Using the selection list in the first column, you can specify a range of values to which a single new value will be assigned. In the selection list, the operators greater than (>); less than (<); greater than or equal to (≥); or lesser than or equal to (≤) are available. Using the following rows, a variable with a value of 3 can for example be dichotomized, so that in the new variable 0 is displayed for values under 3, and 1 is displayed for values over 3:

The button

**Insert all existing values**lists the occurring values for all selected variables, which is especially practical when all values of a variable will be recoded and you wish to immediately begin entering the new values.The and symbols allow you to delete individual or all rows.

- When you click
**OK**the new variable will be inserted and displayed in the Data Editor. The variable label will appear as the original supplemented with the suffix “recoded” so the recoded variable can be easily recognized. If no label is present, the variable name is used as a label to which “recoded” is added.

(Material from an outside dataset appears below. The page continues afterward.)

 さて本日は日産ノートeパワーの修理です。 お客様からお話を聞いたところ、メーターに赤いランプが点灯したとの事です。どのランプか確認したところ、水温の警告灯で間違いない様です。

MAXQDA Stats proceeds specifically as follows when recoding:

- In case of conflict of the attribution, the lower attribution will be applied. For example, if the first row states “1 to 4” and the second row states “>0 to 3”, 1 will be recoded as 3 and not 4.
- If no new value is specified for an existing value, the old value will be retained.
- Value labels will not be transferred to the new variable, but the definitions for missing values.

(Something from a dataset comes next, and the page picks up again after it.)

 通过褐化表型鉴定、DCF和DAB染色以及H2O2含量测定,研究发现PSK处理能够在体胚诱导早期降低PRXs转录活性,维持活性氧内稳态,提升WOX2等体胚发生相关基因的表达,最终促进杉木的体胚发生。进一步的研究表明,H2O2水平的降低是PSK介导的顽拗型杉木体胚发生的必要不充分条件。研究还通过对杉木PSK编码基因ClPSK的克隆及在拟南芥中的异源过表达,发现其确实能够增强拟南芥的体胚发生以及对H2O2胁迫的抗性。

### Recode code frequencies per document as new variables

With MAXQDA Stats, you can not only recode variables, but also the code frequencies that were transferred from a MAXQDA project to MAXQDA Stats. If you launched MAXQDA Stats with the data from a MAXQDA project, click the “Code” tab in the dialog box to select individual codes from the familiar code tree.

To recode a code as a new variable, double-click the code or drag it into the right pane of the window using the mouse. You can also use the blue arrow to transfer codes to the right pane.

Assuming that you are only interested in whether or not a code has been assigned in a document, the exact number of code frequencies is not relevant, but only whether 0 or a higher number is displayed. In this case the code can be recoded in a single row and stored as a new variable:

### Recoding into the same variable

Recoding into the same variable is performed in the same way as recoding into a new variable, from the menu **Transform > Recode into same variable**. However, for this procedure only variables, not codes, can be selected, and naturally the definition of a new variable name is omitted.